GARRETT: Good morning Leon.

DELANEY: How are you today?

GARRETT: Im really well thanks.

DELANEY: Thats the way. After the somewhat mixed reception to the white paper on climate change and now todays announcement about the solar subsidy, is the Federal Governments are the Federal Governments environmental credentials in tatters.

GARRETT: Oh no Leon, I dont think so. I think that what weve announced on solar credits is exactly the right thing for the solar industry. It will give it a legislative basis for developing future growth. It takes away the uncertainty that has existed in the past, particularly with the previous government. We had changes to the rebate and the rebate itself, as you know, is now means tests and is fully acquitted. This provides the opportunity for upfront assistance to be given not only to households but also to communities, to business groups, for the new small scale solar systems and it is consistent with the kind of messages that I got when I went around he country from NGOs and from the industry itself about being able to plan with a great degree of certainty for the future. So, given that we have put more solar panels on roofs than any previous government, given that weve got 3000 applications for the National Solar Schools program and that we have got a low interest green home loan scheme coming plus solar credits, this is delivering on solar.

DELANEY: The subsidy when you introduced the means testing for that, again that was a measure that was widely criticised as hindering the expansion of the solar industry and undermining its viability. The industry representatives today seem to be welcoming the change that you have announced as being an improvement but it is still not what they want and the reporting in the press would indicate that individual rebates or individual sums of subsidy will fall, with the Sydney Morning Herald suggesting that someone putting in a solar panel in Sydney is likely to get about $4000 instead of $8000, so how does that help?

GARRETT: Well firstly on the Sydney Morning Herald, they have got it actually wrong this morning, Leon.
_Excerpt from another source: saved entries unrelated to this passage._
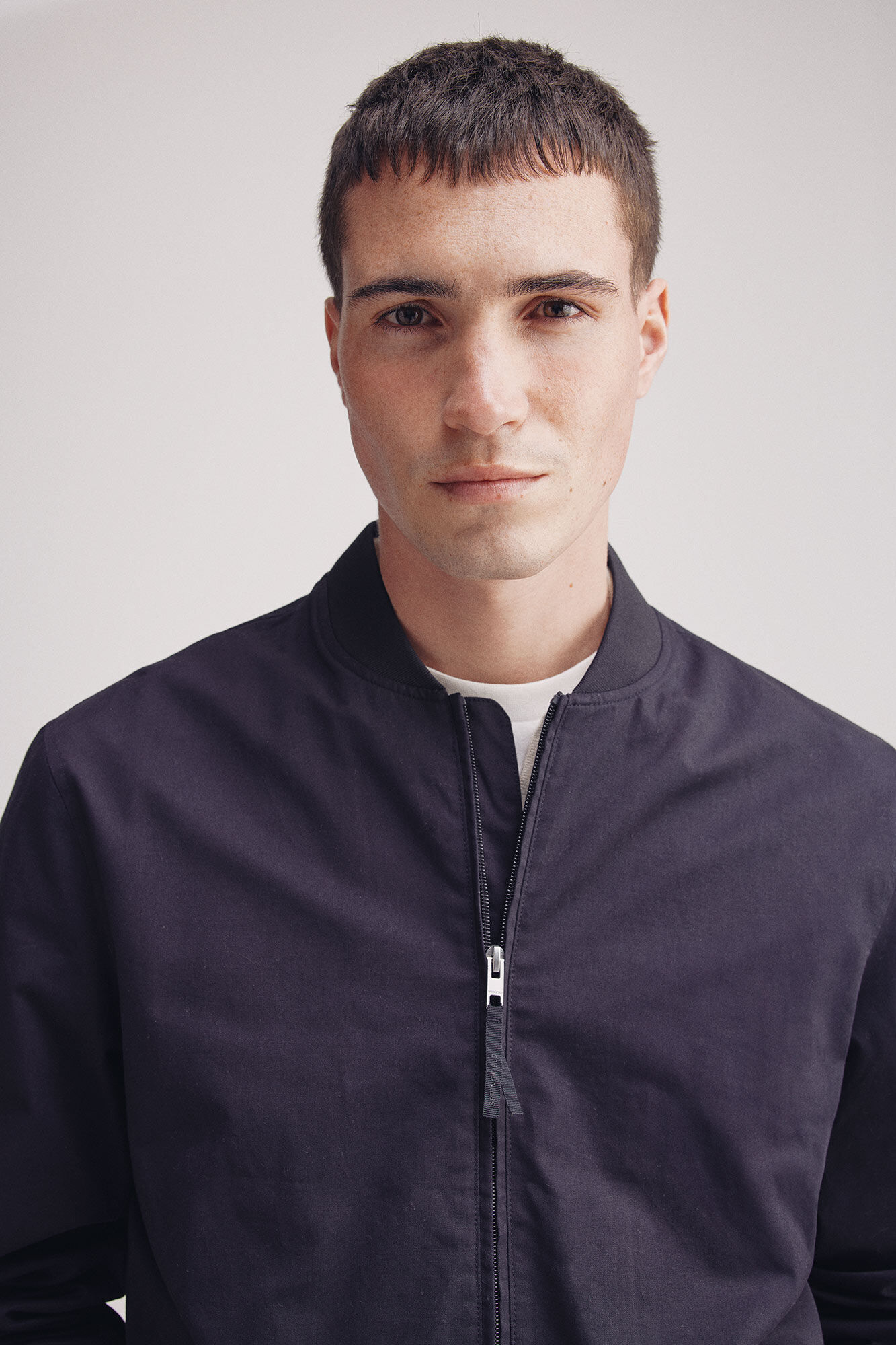 bomber jacket in cotton fabric. Lined in breathable moisture control fabric. With zip fastening fastening and pockets, jersey-knit neck, hem and cuffs, interior zip fastening pocket , and decorative label detail.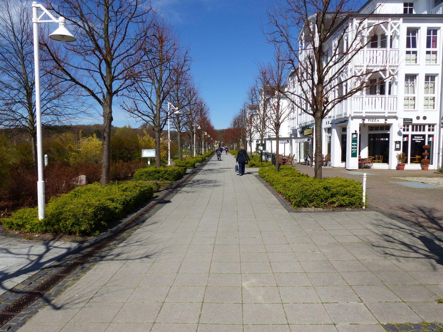 Haus Hühnergott in Sellin liegt optimal im Seebad Sellin. Einkauf, Gastronomie und Nahverkehr sind mit wenigen Schritten zu erreichen. EDEKA ist direkt im Gebäude, ebenso ein Bäcker. Den Südstrand in Sellin erreichen Sie am besten mit den Bäderbahn, die direkt vor der Haustür abfährt.
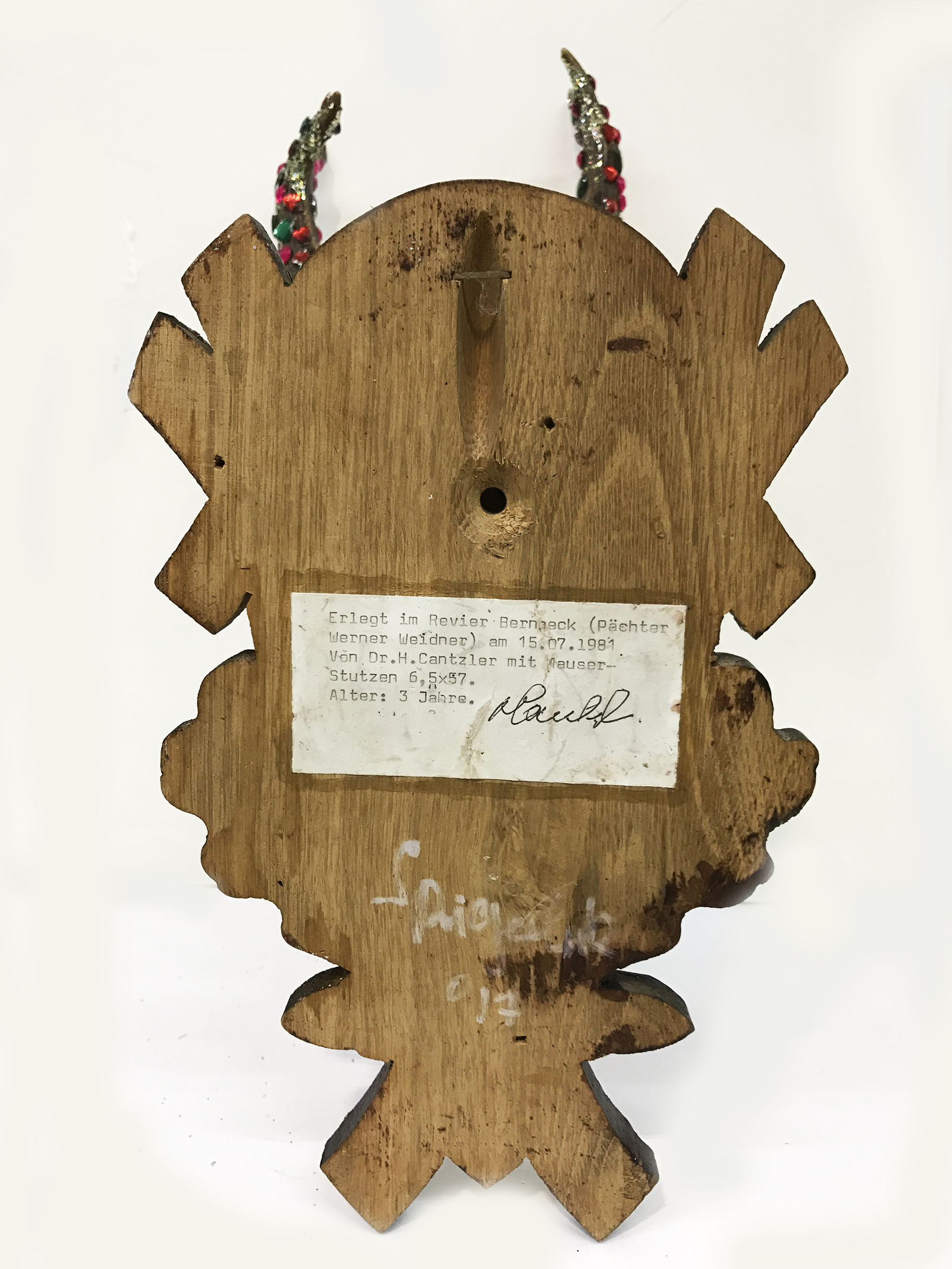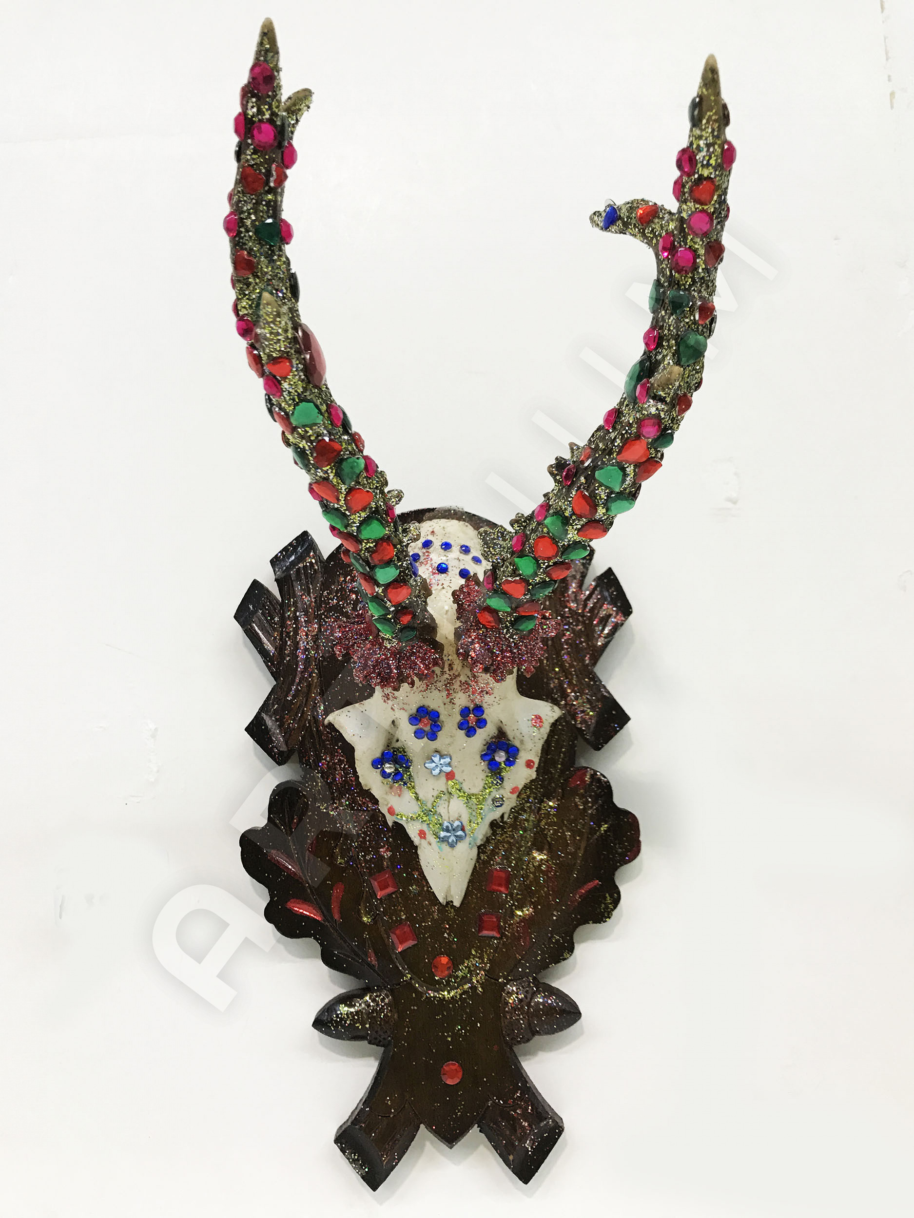 Mischtechnik, Diamantstaub, Glaskristalle auf Jagdtrophäe

It is $7500 and it is a significant delivery of assistance for people to get you know, a renewable system up and running in their house.

On the question of the earlier criticism from the Opposition on the means test decision that the Government took on the rebates, I have got to say here that the Opposition cry out very loud, criticise the Government intensely and get it wrong as well. At the time that Mr Hunt, the Opposition Shadow Minister was jumping out of a plane with a parachute saying that the solar industry was in freefall the actual figures, and they came out in the Estimates Committee hearings, showed that applications for solar panels were heading to an all time high. Look, under the previous Government, when they went to their last budget the applications were around 30 a week, theyre now running close to 1000 a week. We will have doubled the number of panels on roofs over the period of time of 18 months. Originally that was going to be done in eight years.
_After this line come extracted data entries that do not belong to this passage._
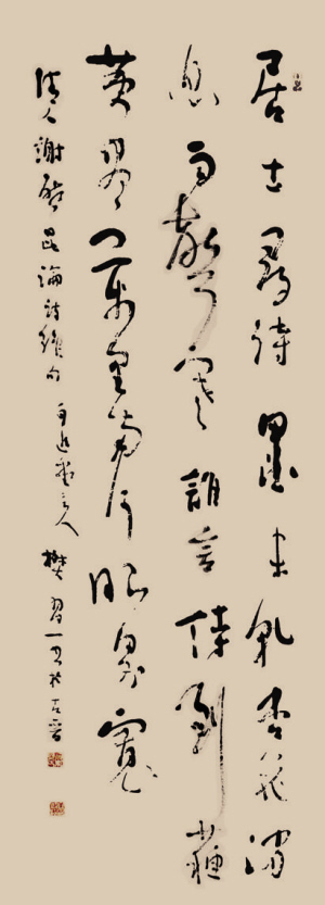 樊习一,1940年生,祖籍山西夏县,定居临汾。幼承家父与乡师启蒙,初识楷则。青年时代师取郭沫若书法,几可乱真。上世纪八十年代始主攻书法。以古为师,溯本求源。积半世不舍之功,而道艺渐臻佳境。追求艺术的多元,而又万变不离其宗。书法诸体兼工,尤以小楷、行草、古隶、榜书见著。各体书作曾入选全国二、五届书展、国际书展、全国二届中青展、全国二届正书展、中日书展、中韩书展等,多次在全国性书展中获奖,并有作品出展法国、加拿大、台湾、香港、澳门等。传略及作品收入《中国当代书法家辞典》、《中国古今书法家辞典》、《中南海珍藏书法集》、《中南海楹联书法集》、《北大百年百联》等多部辞书。众多作品为国内多家博物馆(院)及国内多处人文胜地收藏或刊石。2000年秋出访日本,作书艺交流。有《樊习一书法》、《樊习一书法艺术》、《樊习一书法精品选》、《樊习一行草书卷陶渊明美文三篇》等作品集行世。与此同时,倾心书法培训教学凡数十年,在临汾乃至山西,培养书法新人,已是桃李满园。曾任临汾市书协主席、临汾市博物馆首任馆长、山西省书协副主席、中国书协评审委员。现任山西省书协艺术指导委员会副主任、山西师大中国书画研究所客座教授、中国书法家协会书法培训中心教授、国家一级美术师、中国书法最高奖——第二届中国书法兰亭奖获得者,为享受国务院特殊津贴专家。 来源:人民网-人民日报海外版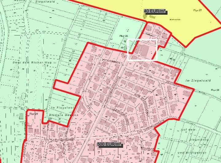 Der Bodenrichtwert liegt bei 500 €/m². Gebote darunter können nicht berücksichtigt werden.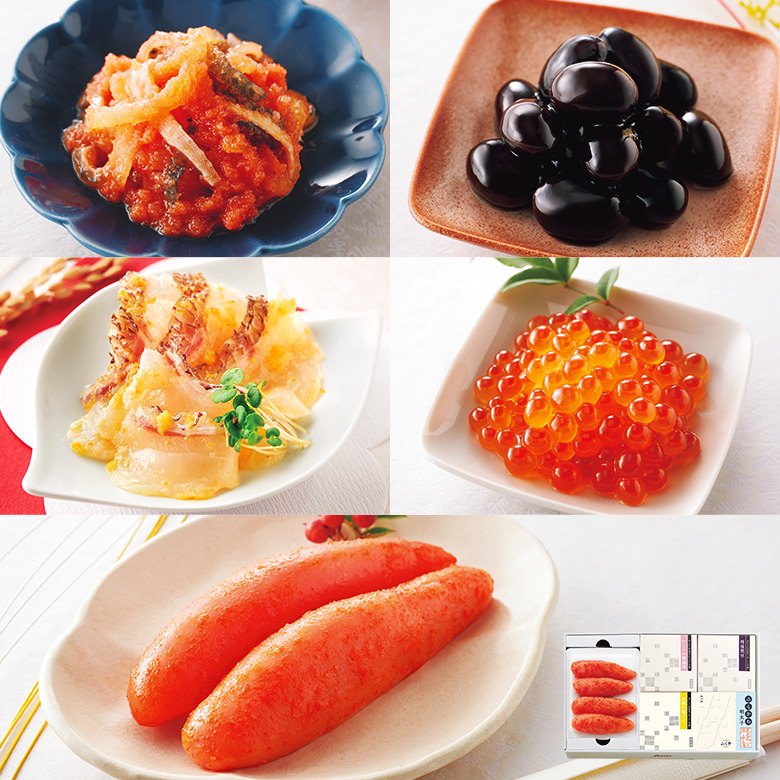 【内容量】 | ◆味の明太子<レギュラー>:200g ◆いくらの醤油漬け:50g(固形量40g) ◆丹波黒豆:200g(固形物100g) ◆ふくかわ明太子:100g ◆真鯛の柚子〆:100g |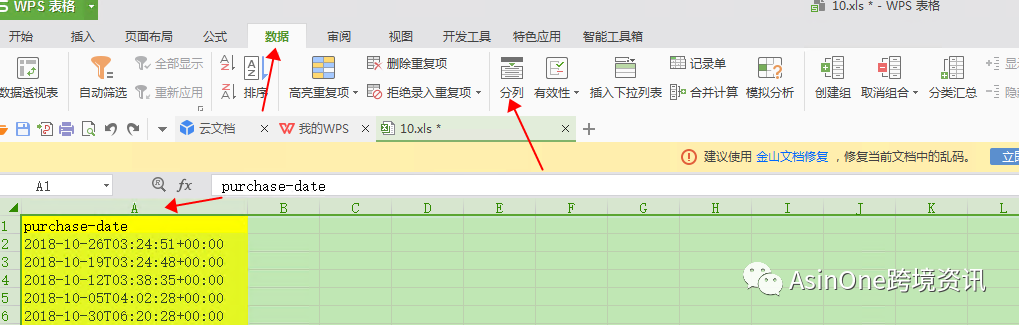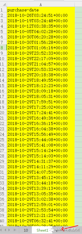 3:我们主要目的是 “purchase-date”这项,里面包含了日期和具体的时间,我们要将它们提取出来,来分析我们的最佳LD投放时间,建议将该项复制出来到另一个sheet中,方便我们更好的提取。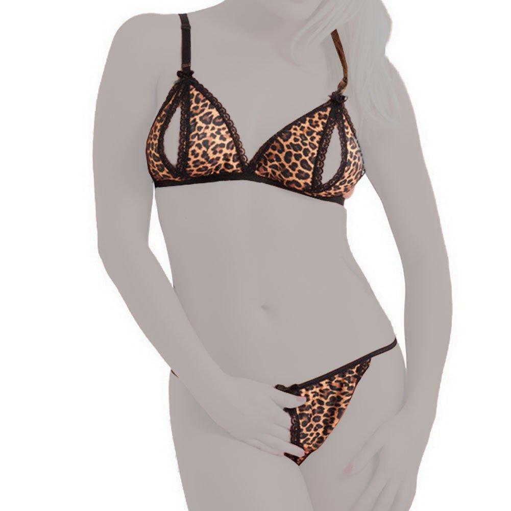 Rimba Amorable Open Bra and Briefs Set Leopard Print One Size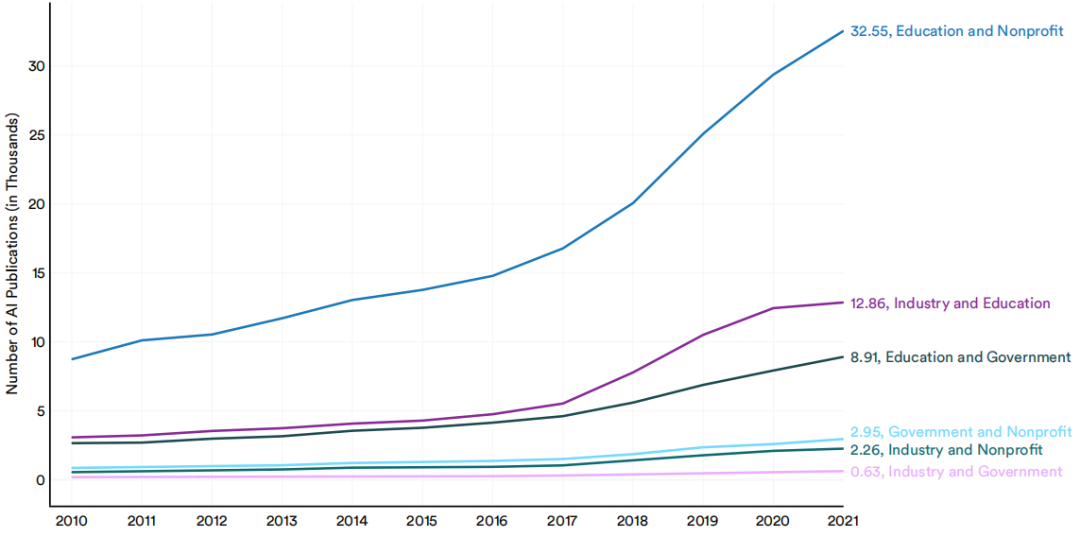 学术界以外的人工智能研究的增加扩大并扩大了各个部门的合作。图1.1.8显示,2021年教育机构和非营利组织(32551)合作次数最多;其次是工业和教育机构(12856);教育和政府机构(8913)。教育机构和工业之间的合作增长最快,自2010年以来增长了4.2倍。

The fact is that if we want to have a sustainable future for renewables in the longer term, we need to make sure that there is a legislative backing, that we have solar credits that operate in a way which weve designed it, in other words it is open to all households, all business, all community groups and given that weve had significant delivery over time but at the same time quite clearly had to bring forward the necessary budgeting for the rebate. This will make sure that they have got long term legislative support for the solar industry.

DELANEY: The suggestion has been made that this particular move, although it will increase the likelihood of individual take up of solar photovoltaic panels in households and small businesses, it reduces the opportunity for investment in larger scale projects.
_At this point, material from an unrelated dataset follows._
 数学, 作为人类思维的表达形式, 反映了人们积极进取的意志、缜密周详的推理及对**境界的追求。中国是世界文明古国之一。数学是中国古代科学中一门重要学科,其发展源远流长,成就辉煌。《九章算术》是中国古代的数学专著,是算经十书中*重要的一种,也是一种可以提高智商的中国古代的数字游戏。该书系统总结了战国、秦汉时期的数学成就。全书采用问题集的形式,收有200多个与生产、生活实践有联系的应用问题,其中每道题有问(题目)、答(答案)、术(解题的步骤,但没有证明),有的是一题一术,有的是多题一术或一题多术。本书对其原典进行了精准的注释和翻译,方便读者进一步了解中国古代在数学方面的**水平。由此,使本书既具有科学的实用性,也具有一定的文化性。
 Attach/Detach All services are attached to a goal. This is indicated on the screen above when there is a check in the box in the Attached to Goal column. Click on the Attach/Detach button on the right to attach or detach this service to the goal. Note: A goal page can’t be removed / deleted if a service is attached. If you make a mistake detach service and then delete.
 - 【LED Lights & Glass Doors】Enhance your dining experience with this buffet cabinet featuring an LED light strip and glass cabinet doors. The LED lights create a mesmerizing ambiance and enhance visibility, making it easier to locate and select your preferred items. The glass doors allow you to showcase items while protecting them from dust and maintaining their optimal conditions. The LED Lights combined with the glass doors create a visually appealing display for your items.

GARRETT: Well again, I think that is wrong. I think that people dont really fully understand the scheme or what we are putting forward. I mean a Renewable Energy Target of 20% renewable energy delivery by 2020 is over four times, or around four times, what was the previous case. And there will be significant, significant opportunities for larger scale renewable projects to drive through the new renewable target. I dont think there is any doubt about that whatsoever. I mean weve also seen the bring forward of the Renewable Energy Fund by the Government so that $500 million Renewable Energy Fund will be brought forward for expensing as well.

There will be more support for solar, by the Government than by any previous Government. There will be more opportunities for the development of the renewable energy industry both through the Renewable Energy Target and also through the bring forward of the $500 million for the Renewable Energy Fund, than at any time in our previous history. And at the same time as that were actually providing an opportunity for people to get the upfront assistance that they need to be able to put in place either a solar system, a wind, small wind turbine, or even a hydro system. And it provides confidence for the industry that in the long term, everybody will be in the mix, wanting to get these renewable systems in their houses. And it provides a sustainable growth path for them to build on.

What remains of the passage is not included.